Bands work very well in trending markets. In an uptrending market, for example, you would look to buy prices near the lower band, and sell near the upper band. They sort of serve a dual role, as a moving average indicator, and as a stop-loss guardian. Some traders will place their stops say, one or two ATR's (average true ranges) outside the band, for swing-trades.

Unfortunately, in today's market, securities rarely trends so nicely/neatly as to fit into a simple "band" model. But it does happen, at times. For example, a lot of the tech sector coming out of last fall's correction.

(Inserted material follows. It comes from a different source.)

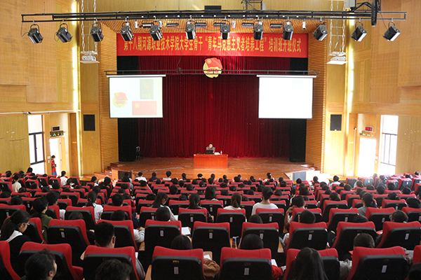 伴随着激情澎湃的团歌过后,艺术与设计学院团总支书记张超为培训班全体学员作了《共青团基本知识》教育讲座。他围绕共青团的光荣历史、共青团的基本知识、团章的解读及十九大的内容进行授课,向学员们全面系统地介绍了共青团的发展历程、团章的修正与完善等。最后,张超书记提出,希望学员们能用行动去爱国,多关注时事政治;坚持党的路线不动摇;坚持党建带团建;坚持把竭诚服务青年作为团的一切工作的出发点和落脚点。

Now for Candlesticks. Candlestick charts have been used in Asia for centuries (first to plot the price charts for Rice) - they are a generic tool. They work just as well today, for stock traders looking at 1min, 30min, or daily charts. I don't really see Candlesticks as an "indicator", although I suppose you could look at them that way. It is just a clever way to display a price bar, to make the information contained therein much easier to grasp whether scanning, or looking at closely, bar-by-bar. Generally, the only problem with candlesticks is GETTING USED TO THEM. Take the plunge, they are definitely worth it - I use to love "bar" charts, but can't even stand to look at them now. Although it might prove useful, it is not necessary to learn all of the nicknames (Doji, etc) for Candlesticks in order to make complete use of them. The big advantage comes from the fact that the "body" stands out clearly, and the high/low in relation to that...illustrating the price action more clearly, and aggregating it better (the human eye integrates the information better). You must develop a good understanding of how to interpret that price action, in order to make the best use of candlesticks. That is another topic - I took an excellent 3-day 1-on-1 S&P futures-trading course from Rick Mitchell up in Detroit a few years ago, which was a real breakthrough for me in that area.

To further explore this, start regularly studying a single (OHLC or Candlestick) bar on a daily chart, and ask yourself what that means in relation to what happens tomorrow. You'll start seeing a lot of patterns. Then study two bars, relative to one another. Then three, etc. Once you get a handle on it, this sort of thing is more powerful than technical analysis, for short-term trading - it's really "pattern analysis". It works on patterns in all time frames, some better than others. That's why the top traders must have pattern (price-action) confirmation as their final filtering criteria, for entering a trade. For example, look at the material in any book by Jeff Cooper, Linda Raschke, Larry Williams, Jake Bernstein, Larry Conners, etc. Same thing - and, this is what Candlesticks are all about - bringing clarity to the analysis of price action itself. Moving averages are DERIVED from price action, there is averaging; smoothing involved. Candlesticks ARE the price action!

Regarding your comment about the similarities/differences, I see Candlesticks as an orthogonal concept to bands. Candlesticks provide you with a much more vivid, clear way to analyze the price action from the bars in charts (compared to OHLC "bar" charts). It's like seeing in color, instead of black and white. I use technical analysis as the course filter, then price action (Candlestick bar) analysis as the fine-grained, "trigger" for my entering a position. Candlesticks facilitate this. The best books are by Nissan, I can post the two books he's written later, or maybe someone else on the thread remembers them.